It all started from a conversation I with my uncle over my Grandmother’s 80th lunch. We talked about the possibilities of a John O’Groats to Land’s End cycle in early June, and although the plans never did materialise, a seed began to grow.


I quickly dismissed the idea of cycling in preference for being on foot, and began to think up a similar traverse that I could attempt in around 10 days. Scotland was the obvious place to start—I’ve never been to the highlands before and wanted something new—something that was as wild as I could find in UK.


A couple of years back I saw adverts for the Cape Wrath Ultra—a multi-stage race than ran the length of the Cape Wrath Trail over 8 days—a monster of a trail that covers much of the most challenging and dramatic terrain Scotland has to offer. It was the sort of simplicity that appealed to me, and the freedom and wild isolation of the Highlands must have stuck it in the back of my mind.


Reignited by my current scheming, old ideas resurfaced. With Cape Wrath and the Scottish wilderness in my mind I developed a plan—I would traverse the length of the Scottish Highlands.



THE ROUTE



My route links up two of Scotland’s most iconic trails—the Cape Wrath Trail and the West Highland Way—for a complete north-south traverse of the Scottish Highlands.


The Cape Wrath Trail (https://www.capewrathtrail.org.uk) is considered the toughest of all British trails—'an unofficial, unmarked and magnificently wild long-distance route from Fort William to Cape Wrath, the most north westerly point of mainland Scotland.’ Many parts of the trail are pathless, requiring careful navigation through bogs, rivers and generally pretty rugged and mountainous terrain.
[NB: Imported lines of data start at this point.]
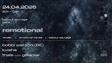 Render (Station Station) unites with Emotional Waves (Gimic//Radio Sofa) and Babour Sauvage to host a night of deep, minimal and bass driven electronic expérimentions featuring Bobbi Watson (be), Kvisha and Thaïs b2b Gillielove. Bobbi Watson (be) is a producer, dj and live performer who places storytelling at the heart of her musical exploration. With residencies at Gimic and Kiosk Radio, her sound weaves together organic techno, cinematic ambient and broken rhythms to create an immersive journey that shifts between trance and reverie. She is also one part of the Soum-Soum duo and the improvisational live act Pölen Biotape. Her debut EP was released on YUKU (Prague) in December 2025. kvisha is the minimal techno alias of the idm/bass/experimental artist qwqwqwqwa. kvisha is groove driven, deep, and explores sonic minimalism at the intersection of minimal techno, micro house, idm and psychedelia. Expect a heated dancefloor session that moves between hypnosis and joy. His music has premiered on minimal collective and be sure to check out his live set recording for the Berlin party series run by Kontext to get you in the mood. This will be a debut Paris performance for Kvisha. Thaïs is earning a solid reputation on the EU club and festival circuit as a deep digger, dj and sonic curator in the liminal realms of organic techno, textural rhythms and deep ambient. Her sets traverse between different electronic genres and flow with a unassuming weaving of emotion and storytelling. She runs the radio and event series emotional waves that bounces between Gimic Radio, Radio Sofa and Refuge Worldwide. She recently opened for Marco Shuttle at Essaim and played the famous Salon De Amateurs. Gillielove is one part of Render, a radio show on Station Station and irl exploration of experimental sounds on the fringe of deep listening and dance. Guided by dub sensibilities, broken rhythms, and a love of spacious sound design. Their productions are rooted in bass, texture, and experimentation, while their music explores the shadowy edges of low-end frequencies and psychedelia. Their music has premiered on Rhythmic Culture, pi pi pi and Mixmzg Worldwide. Their dj sets are all terrain, exploring outlier qualities in a range of genres. FR Render (Station Station) s'associe à Emotional Waves (Gimic//Radio Sofa) et Babour Sauvage pour organiser une soirée deep, minimal et bass musique, avec Bobbi Watson (be), Kvisha et Thaïs en b2b avec Gillielove. Bobbi Watson (be) est une productrice, DJ et artiste de scène qui place la narration au cœur de son exploration musicale. Résidente chez Gimic et Kiosk Radio, elle tisse un son mêlant techno organique, ambient cinématographique et rythmes brisés pour créer un voyage immersif oscillant entre transe et rêverie. Elle fait également partie du duo Soum-Soum et du groupe d’improvisation live Pölen Biotape. Son premier EP est sorti sur YUKU (Prague) en décembre 2025. kvisha est l'alias minimal techno de l’artiste idm/bass/expérimental qwqwqwqwa. kvisha est axé sur le groove, à la croisée de la minimal techno, de la micro house, de l’idm et du psychédélique. Pour faire faire une idée de son univers, on vous conseille son live enregistré pour la série de soirées berlinoises organisée par Kontext. Ce sera la première performance parisienne de Kvisha. Thaïs s'est forgé une solide réputation sur la scène des clubs et des festivals européens en tant que dénicheuse de perles rares, DJ et curatrice sonore, évoluant aux confins de la techno organique et de l'ambient. Elle anime la série de radios et d’événements « emotional waves », qui oscille entre Gimic Radio, Radio Sofa et Refuge Worldwide. Elle a récemment assuré la première partie de Marco Shuttle à Essaim et s’est produite au célèbre Salon De Amateurs. Gillielove est membre de Render, une émission de radio sur Station Station et une exploration en direct de sons expérimentaux à la frontière entre l’écoute et la danse. Guidés par une sensibilité dub, des rythmes brisés et un amour pour la conception sonore spacieuse, ses productions s’ancrent dans la basse, la texture et l’expérimentation. Sa musique a été diffusée en avant-première sur Rhythmic Culture, pi pi pi et Mixmzg Worldwide. -------------------------------------------- Horaires 20h-02h Tarifs Early : 8€ Regular : 10€ Door : 12€ 📍 Babour Sauvage Péniche face au Cabaret Sauvage, 59 Bd Macdonald Parc de la Villette 75019 Paris Ⓜ️ Métro ligne 7 : Porte de la Villette Ⓜ️ Métro ligne 5 : Porte de Pantin Tramway : Ella Fitzgerald ou Porte de la Villette 𝗦𝗨𝗜𝗩𝗘𝗭 𝗡𝗢𝗨𝗦 https://www.instagram.com/babour.sauvage Péniche - Pas d'accès PMR
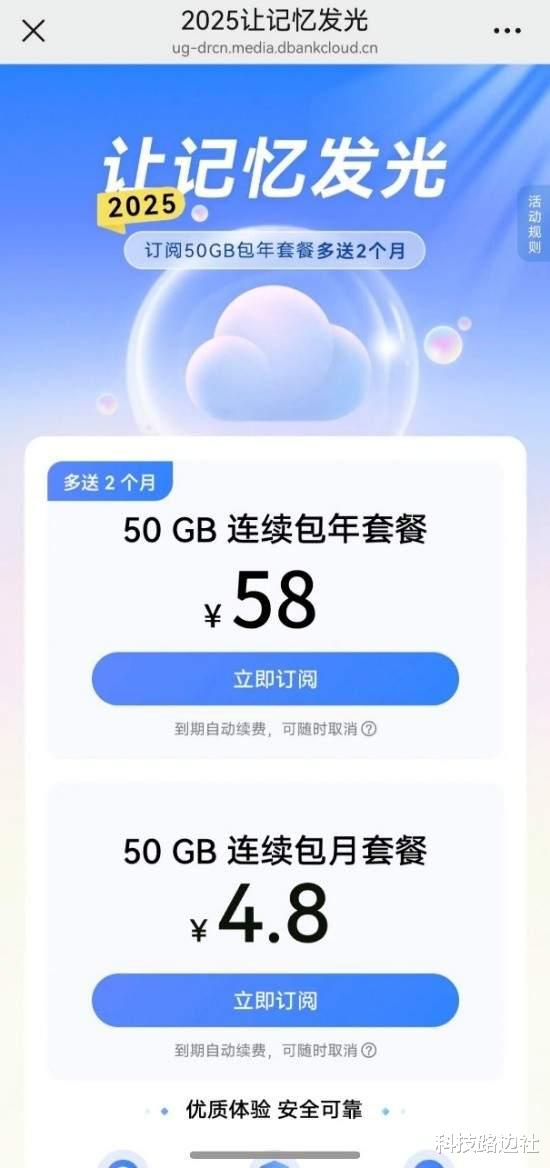 而且,年底了,华为云空间还带来贴心活动,现在订阅50G连续包年套餐,仅需58元/年,还额外赠送2个月时长!承包你一整年的安心存储,快去给你的2025年独家记忆,找个最稳妥的归宿吧!
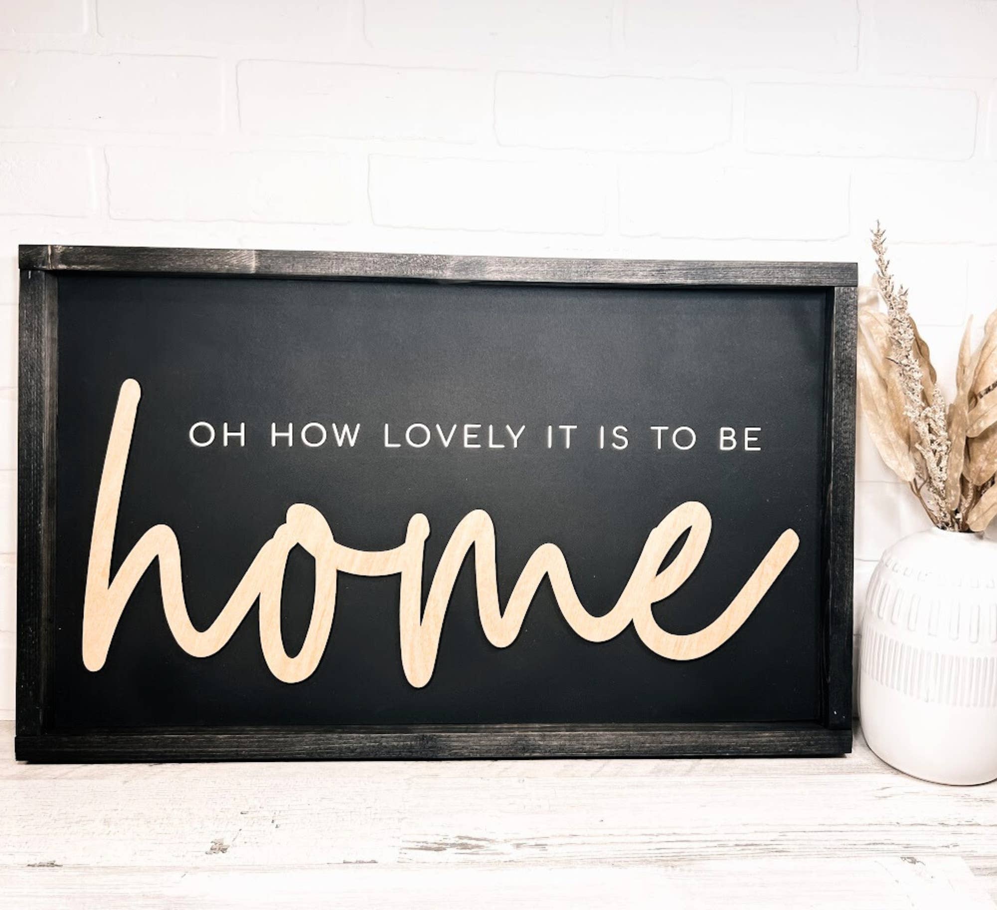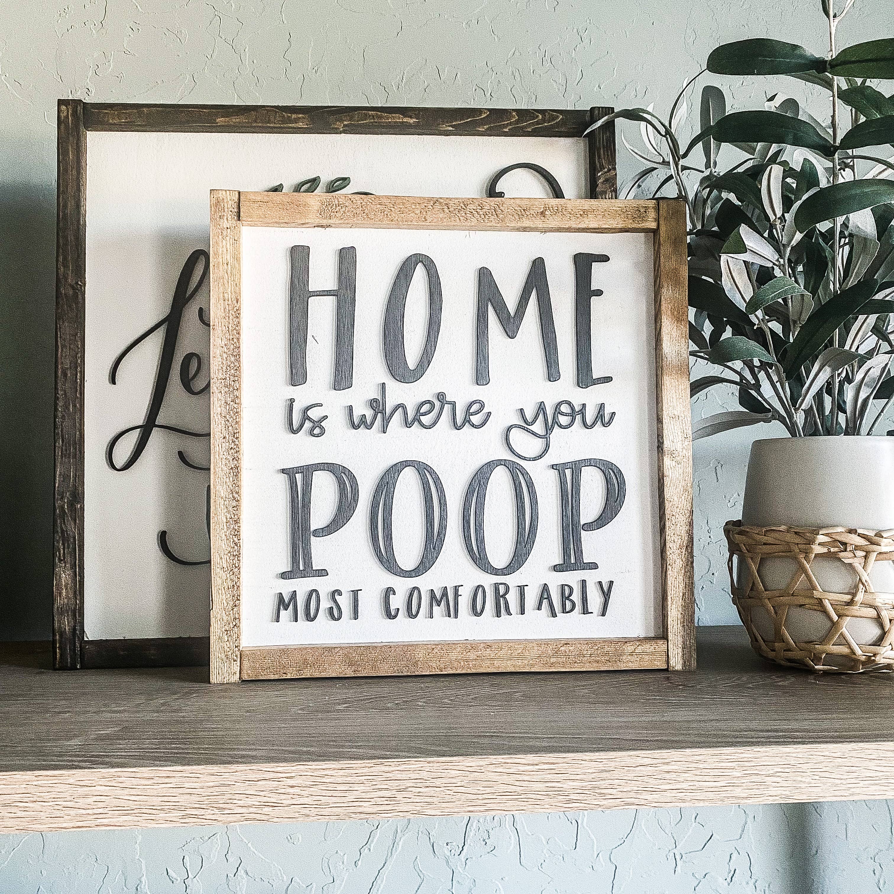 SIZE(approx.): 20”x6" BACKGROUND: White LETTERING: Black FRAME: Dark Walnut 🌲Each sign is hand painted, screen printed with ink, and/or laser crafted with 3D lettering. 🌲3/4" MDF used as the backer. 🌲Backs of signs are unfinished, and will have a Dakota + Pine Design Co. stamped logo 🌲Signs may vary slightly in size, but never more than 1 inch. 🌲All signs come sealed and ready to hang. If it is a framed sign, the frame creates an overhang for easy hanging.

It’s also very isolated.


The West Highland Way (https://www.westhighlandway.org) is an official marked trail that travels from Milngavie on the outskirts of Glasgow to Fort William. It crosses the Grampian Mountains, traversing through rocky passes, open moorland, and along loch shores. From what I’ve read the entire route is on some sort of path, and route-finding is not challenging.
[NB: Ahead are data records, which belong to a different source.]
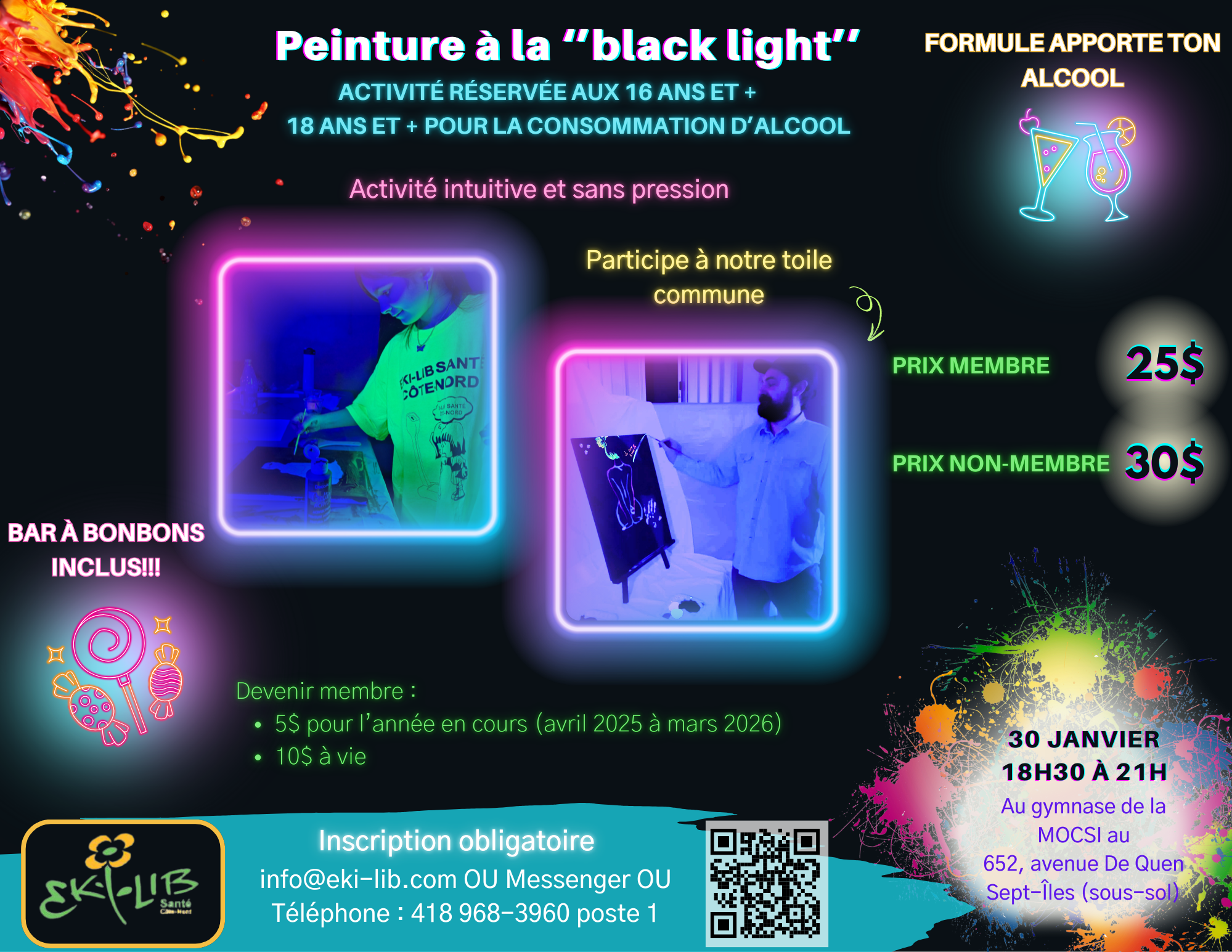 Oui, vous avez bien lu, dans le noir! Il n’y aura qu’un éclairage à la « black light » et de la peinture fluorescente pour guider vos coups de pinceaux. Sur place, un bar à bonbons à volonté sera à disposition des participants.es et il sera possible d’apporter vos propres consommations (alcoolisées ou non).
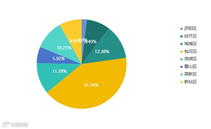 分区域来看,包河区成交面积占比41.24%,九区排名第一。瑶海区成交面积占比12.38%,排名第二。滨湖区成交面积占比11.28%,排名第三。
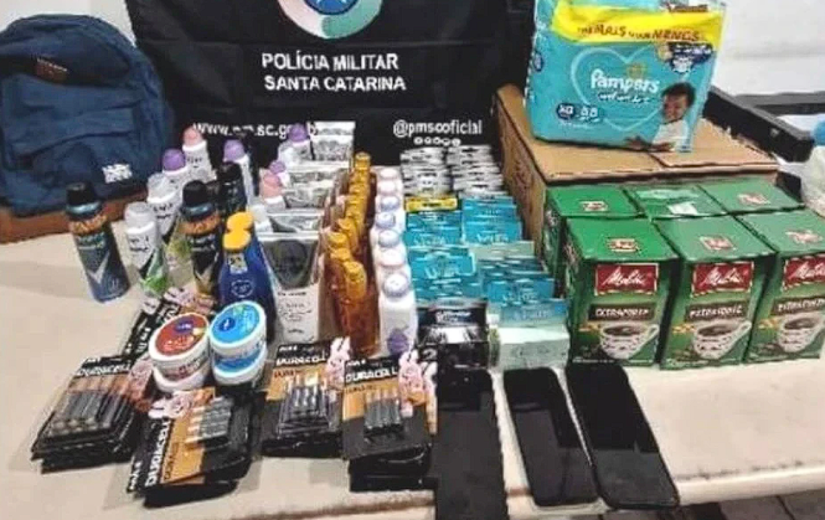Quarteto é flagrado levando mais de 400 produtos furtados para loja da tia, em Sombrio
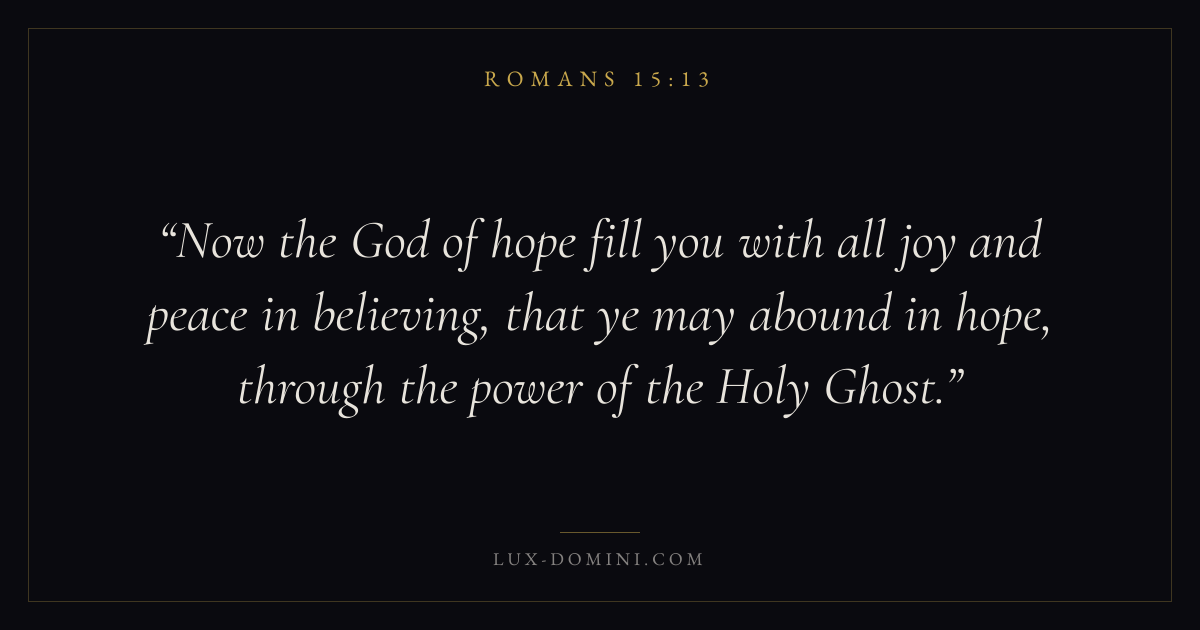 Now the God of hope fill you with all joy and peace in believing, that ye may abound in hope, through the power of the Holy Ghost.
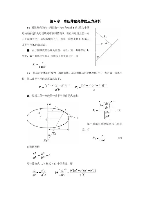 二、简述题1、 无力矩理论及无力矩理论应用条件?① 壳体的厚度、中面曲率和载荷连续,没有突变,且构成壳体的材料的物理性能相同。

Overall the route comes in at the following approximate stats:

- Cape Wrath Trail 235mi (380km) | 12,000mascent

- West Highland Way 95mi (150km) | 3,100m ascent

- Total combined route 330mi (530km) | 15,100m ascent


I don’t know how long it’ll take me, but I’ve allocated about two weeks and I’ll just see how it goes. I’m aiming to do the enire traverse in around 12 days, though based on the estimations of the route maps (2-3 weeks for the CWT and 5-7 days for the WHW) this may be a little ambitious. We’ll see—that’s half the fun anyway.


DIRECTION


I’ll be walking the trail from north to south, against convention for a couple of reasons.


1) In both trails, and indeed the route as a whole, terrain gets gradually easier the further south you go. I want to hit the hardest stuff early on before my lack of training becomes too apparent!
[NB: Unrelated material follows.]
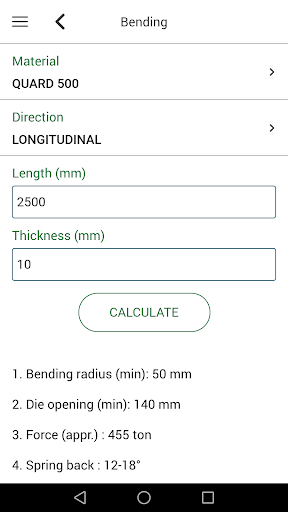 Q Calculator helps you to find all the optimal parameters for cutting, bending, welding or machining Quard® (abrasion resistant steel) and Quend® (high yield strength steel).

2) I have no idea how well I’ll fare, and if I do need to cut the distance short, I’d prefer to have experienced more of the wilder Cape Wrath Trail than the West Highland Way.



APPROACH & PHILOSOPHY


The aim of this expedition is simply to enjoy the complete freedom of being able to worry about nothing but covering ground, challenging myself and keeping my body in operating condition. I want to be able to walk, sleep and eat as I see fit—to take cat-naps on the trail or walk through the night if I so please. I’m excited for the simplicity of it all. It’ll be two weeks completely offline, out of touch with society and the chance to live entirely in the present—something we’re a little scarce on in today’s society.


I’ll be taking a bivy and tarp so I can spend the nights wherever (though I also plan to make use of Scotland’s bothys where possible), and will in general try to go as light as possible so I can move fast and even run sections if it makes sense.


The route doesn’t take in any real summits, and mountains are not the focus—to be quite honest I’m just not prepared for that right now. Instead I want to experience the full diversity of the Highlands and cover ground as fast as possible. Without the fitness I had previously I’m going to be relying on time on feet rather than speed!



KIT AND OTHER PLANNING


The plan is to go light—fastpacking: walking with some running thrown in. So I want to keep my pack weight down as much as possible.


Based on my estimations I reckon I can keep base weight to under 6kg. I don’t want to push it much lighter though. The unpredictability of Scottish weather means it has to be up for anything—snow, storms, midges, and continuous rain—and since the northern half of the route is pretty remote (and with no mobile coverage) I don’t want to risk under packing.


Water shouldn’t be an issue, and I only plan on taking 1.5L of carrying capacity. I’ll just filter and purify water from the many streams, bogs and lochs along the way—if there’s one thing I’m told Scotland has no shortage of, it’s water! As for food I’ll start with about 6 days’ worth, and resupply at two or three points along the route. I’ll have to plan it carefully though as towns and villages are very few and far between.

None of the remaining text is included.